Open Taylord93 opened 7 years ago

Taylord93 commented 7 years ago

unCSS – Removes unused CSS as it is compiled from sass. Potentially annoying if creating CSS that is not yet being used so open for debate if its actually worth using, could optimize our sites/apps though

CSS Comb – Style/syntax formatting. Keeps src files the same with predefined variables, also available for js and html Goes beyond just indentation, also examines actual coding style to enforce some sort of uniformity.

CSS Lint – Self explanatory. Also available for html.

Process HTML – Allows you to insert variables while compiling html for production. Could be useful if we need to switch to a CDN for vendor packages, remove the vendors.js file and just throw in the CDN when it gets compiled into production.
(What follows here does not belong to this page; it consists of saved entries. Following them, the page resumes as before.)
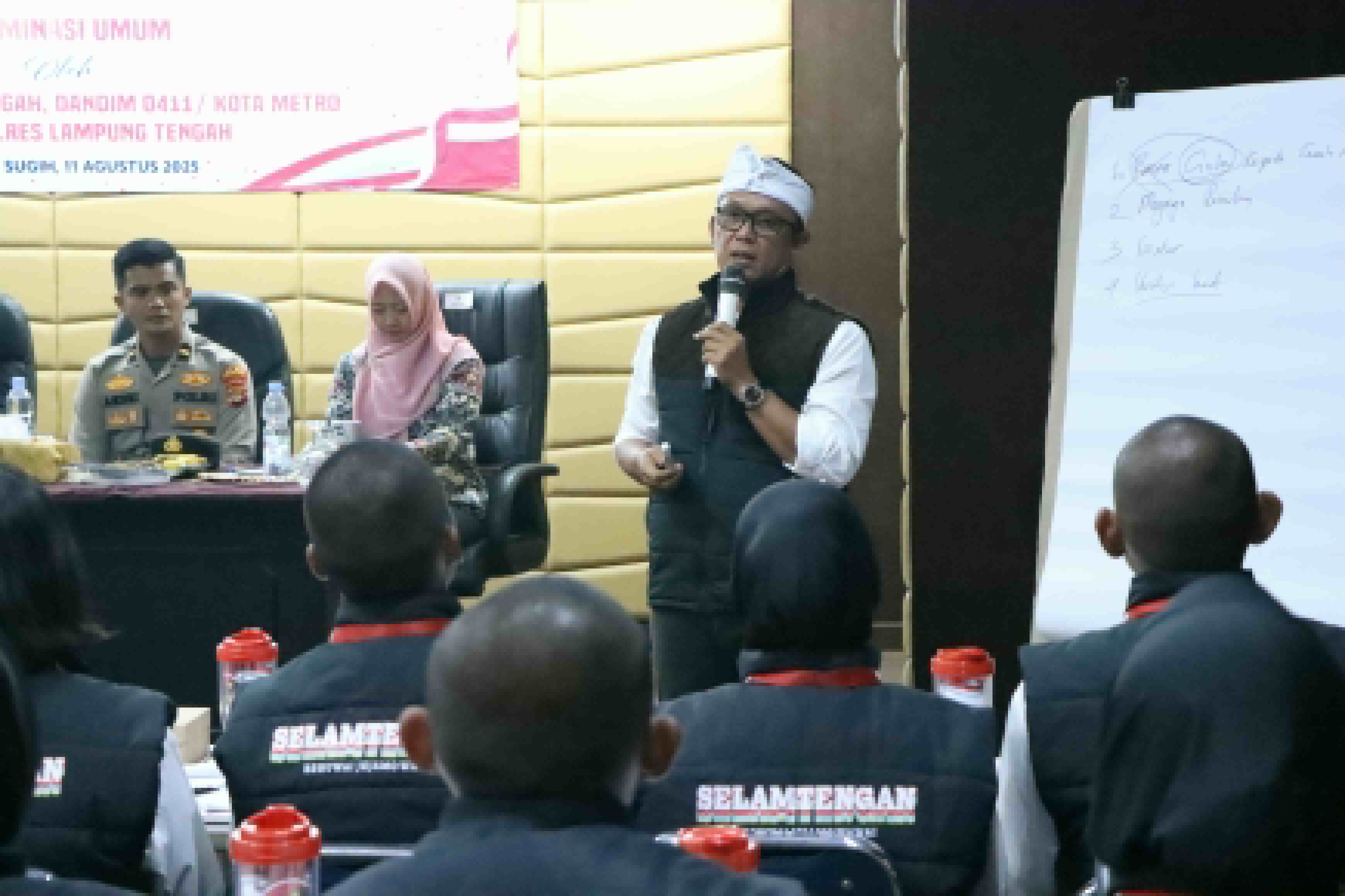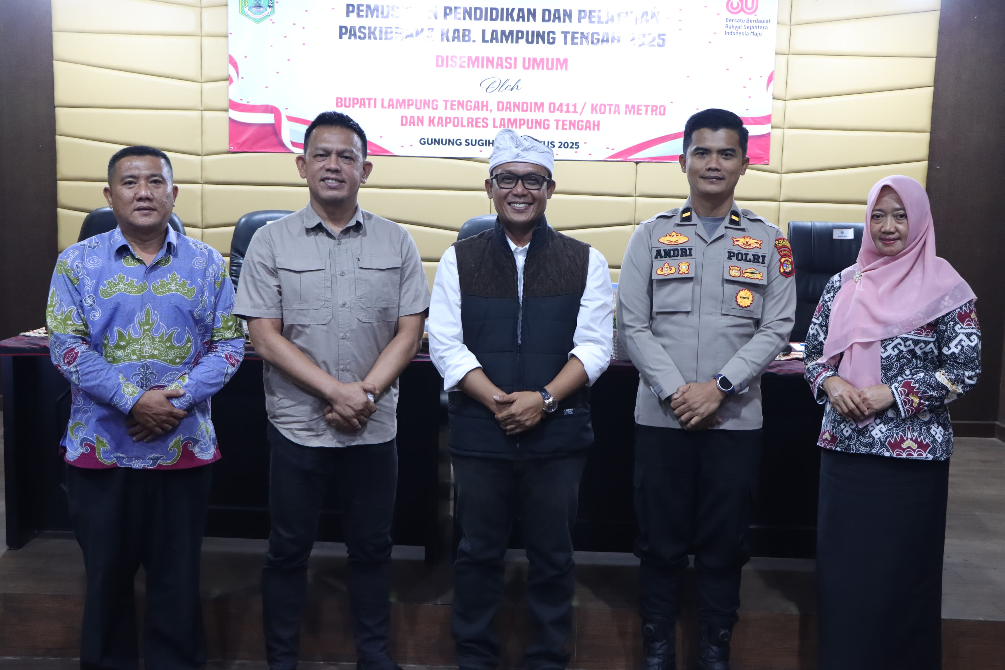 Bupati Lampung Tengah, Ardito Wijaya, menjadi narasumber dalam kegiatan Pendidikan dan Pelatihan (Diklat) Calon Pasukan Pengibar Bendera Pusaka (Paskibraka) Kabupaten Lampung Tengah Tahun 2025 yang dilaksanakan di Ruang BJW, Komplek Rumah Dinas Bupati Lampung Tengah, pada Senin (11/08/2025) malam. Dalam paparannya, Bupati Ardito Wijaya menyampaikan materi mengenai wawasan kebangsaan, yang bertujuan untuk menanamkan nilai-nilai nasionalisme, semangat persatuan, serta cinta tanah air kepada para calon Paskibraka. Beliau juga berpesan agar para peserta dapat mengikuti seluruh rangkaian diklat dengan serius dan disiplin tinggi, karena mereka akan menjadi simbol generasi muda yang mengemban tanggung jawab besar dalam upacara Hari Kemerdekaan Republik Indonesia. Turut hadir sebagai narasumber dalam kegiatan ini, Komandan Kodim 0411/KM, Letkol Inf. Noval Darmawan, yang menyampaikan materi tentang bahaya kenakalan remaja, serta perwakilan dari Polres Lampung Tengah, Andriansyah, yang memaparkan materi mengenai bahaya penyalahgunaan narkotika di kalangan generasi muda. Selain itu, kegiatan ini juga dihadiri oleh Plt. Asisten Bidang Pemerintahan Sekretariat Daerah Kabupaten Lampung Tengah, Candra Puasati, dan Kepala Badan Kesatuan Bangsa dan Politik (Kesbangpol) Lampung Tengah, Yasir Asromi, A.P. Kegiatan Diklat ini merupakan bagian penting dari proses pembentukan karakter dan kedisiplinan para calon Paskibraka, yang tidak hanya akan bertugas sebagai pengibar bendera pada peringatan HUT ke-80 Kemerdekaan RI, tetapi juga diharapkan menjadi teladan bagi generasi muda lainnya di Lampung Tengah. (Diskominfotik Lampung Tengah)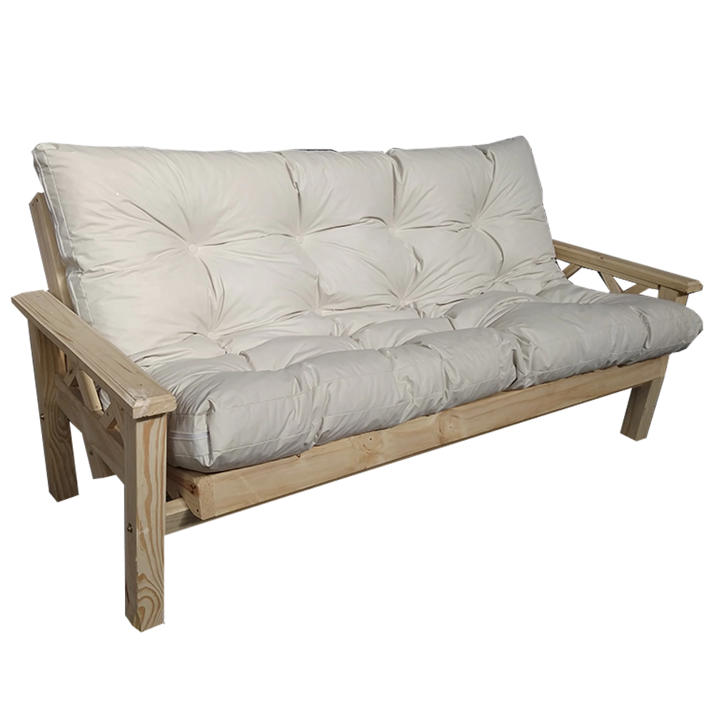 Descubre el Cuerpo de Futón de 3 Cuerpos de Pino, un mueble resistente y práctico que se convierte fácilmente en una cama de dos plazas, ideal para recibir a tus visitas.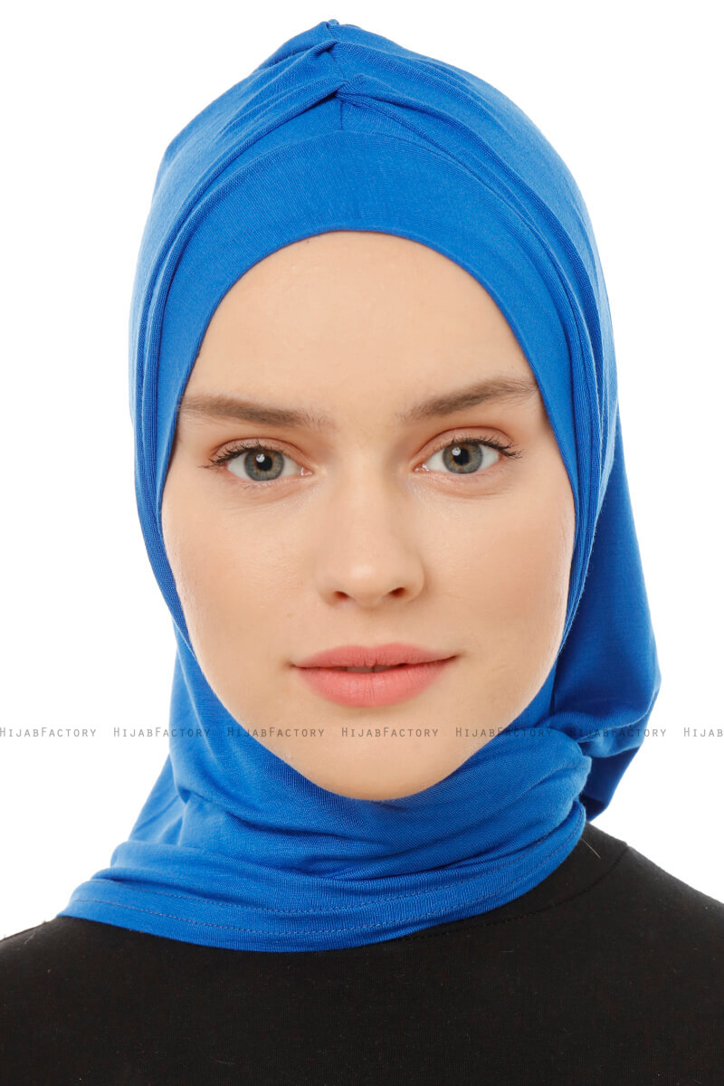 Isra Plain - Blau Praktisch Fertig Viskos Hijab Aus Ecardin In der Türkei.

JSON format – Format the global data.json file.

fixMyJs – Takes care of the annoying issues from JSHint, like missing semicolons.

All are open for debate.

Toddses commented 7 years ago

I'm fine with trying out unCSS. My concern is that we tend to do a lot of className juggling with Angular (in particular with angular-animate) and those might get stripped out and break things. We'd need to test and be sure it is workable.
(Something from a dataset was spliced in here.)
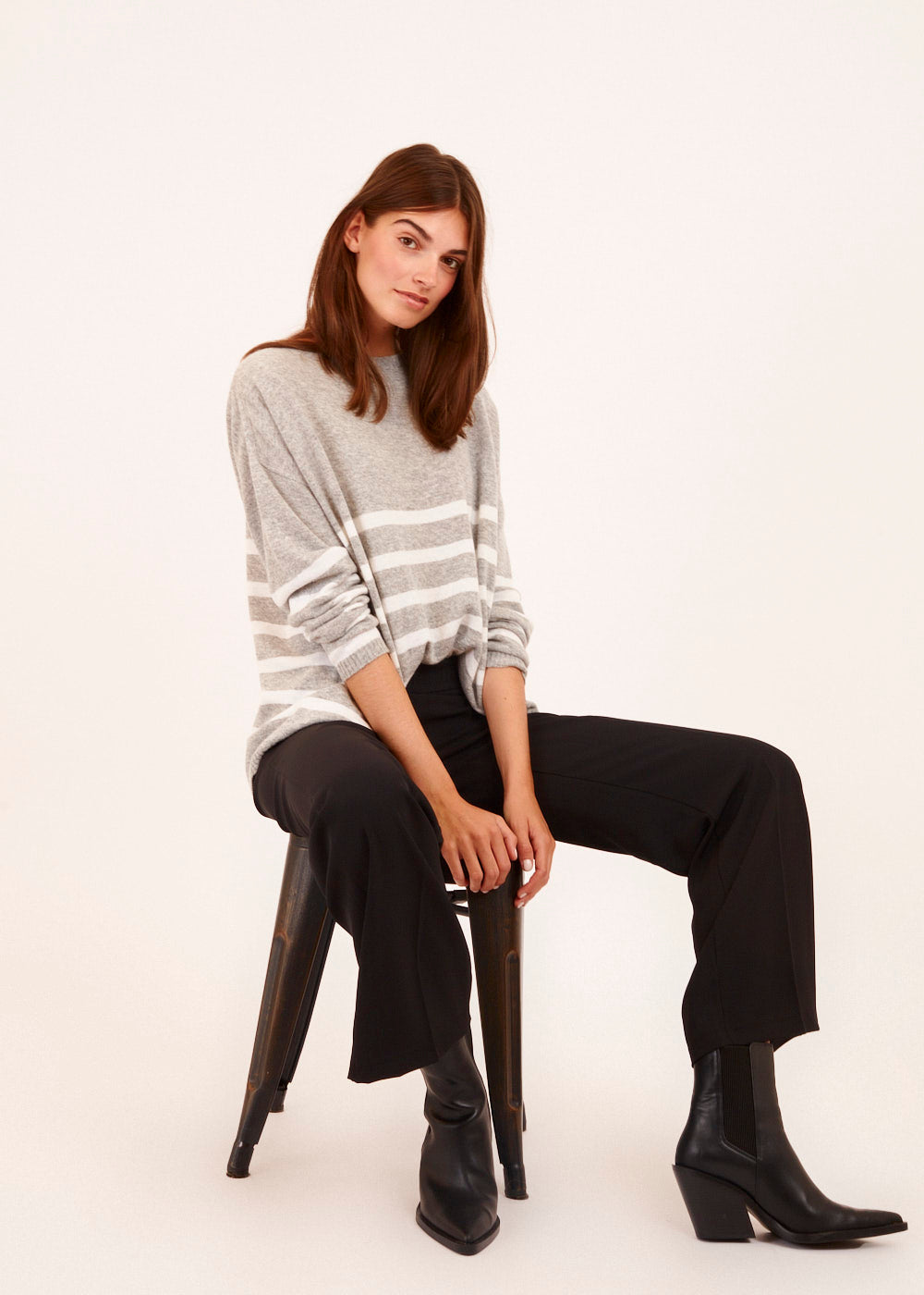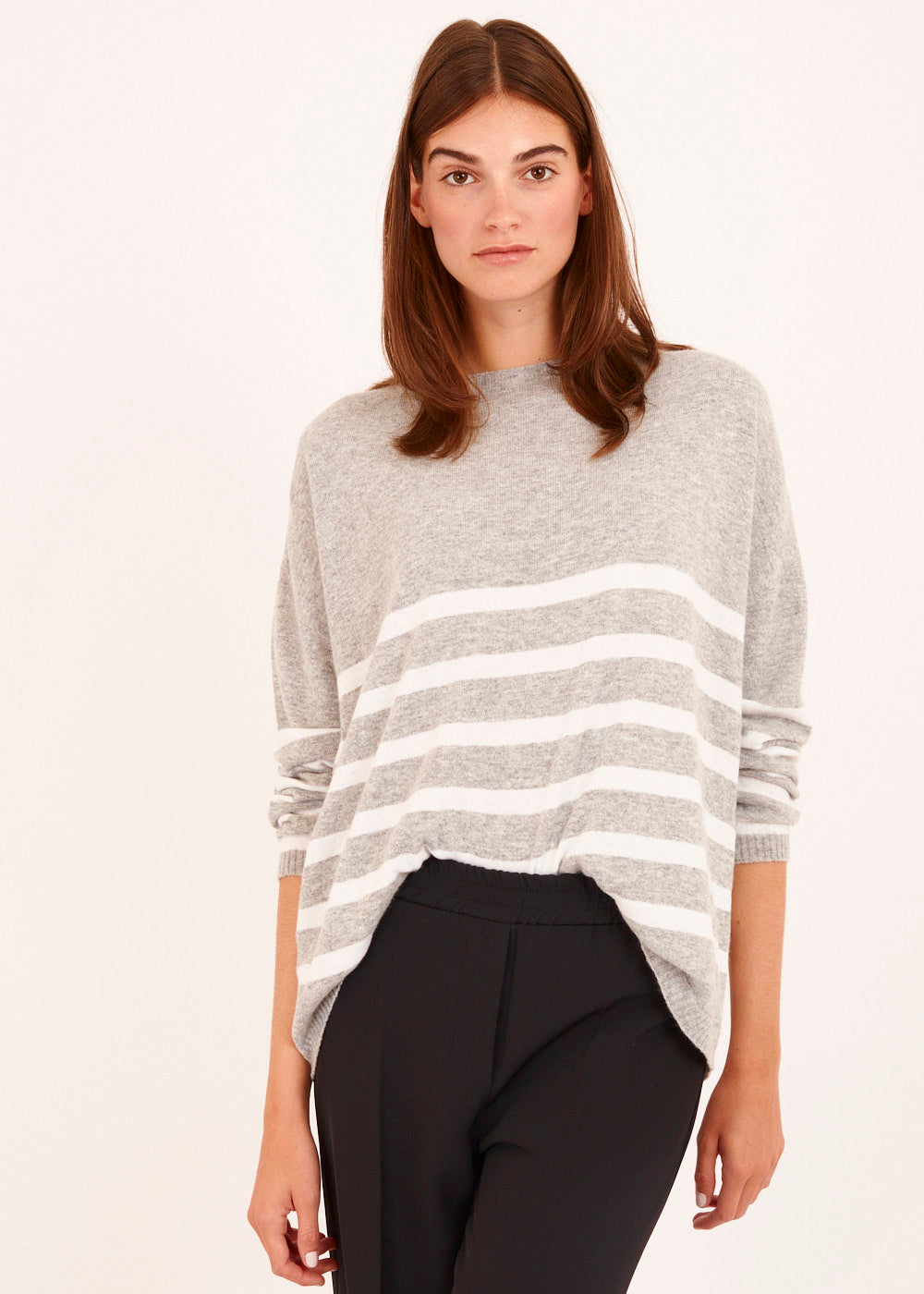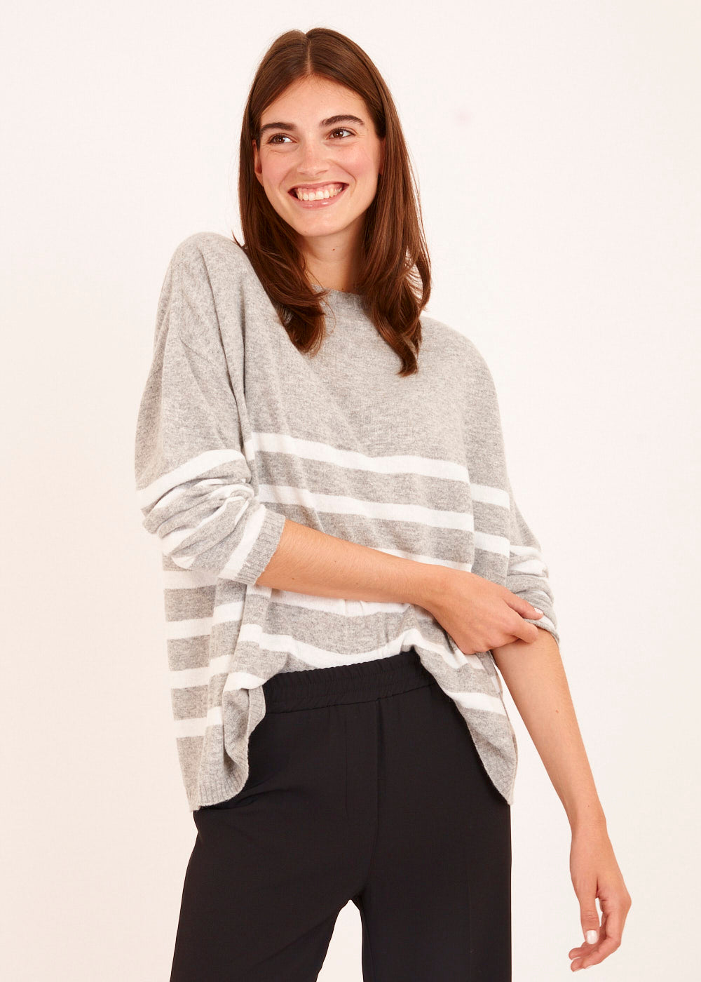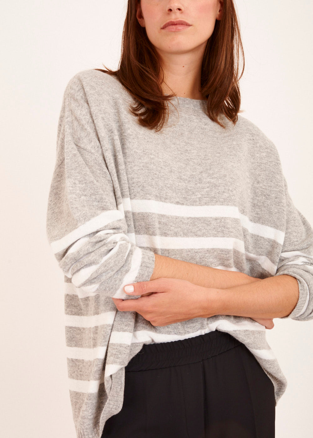 Die grauen Ringel verleihen dem Pullover eine dezente, aber dennoch ansprechende Optik. Sie passen zu vielen verschiedenen Outfits und sind vielseitig kombinierbar. Ob du ihn zu Jeans, einer Leggings oder einem Rock tragen, dieser Pullover ergänzt deinen Look auf stilvolle Weise.

I'm not sure CSS Comb will do anything for us, since we use Sass and this doesn't do anything with Sass. We compile the Sass to minified CSS file and we wouldn't want to format that file. And honestly the unminified compiled CSS file looks pretty well formatted.

CSS Lint, I am not sure we can do anything with it. Wouldn't mind looking for a Sass linter though... HTML linter is fine with me.

Process HTML could be useful. Doesn't hurt to add it in at least, and if we can't find any good usecases it's not a big deal to leave it in anyway.

I'm not sure what JSON format would do for us... My JSON data files are pretty well formatted so I'm not sure what it would be doing other than changing the spacing. I couldn't really find an example output on this one to convince me it would be useful.

fixMyJs is a no from me. I'd like us to make sure our source code doesn't produce any linter errors (instead of fixing them through a build process). Plus it doesn't appear that fixMyJs is maintained anymore (dec 2014 was the last release, no response from the owners on issues in a long time) and the've allowed their domain to expire several months ago (fixmyjs.com is some sort of scam site now). I'd be reluctant to use it even if I wasn't against the very idea of it in the first place.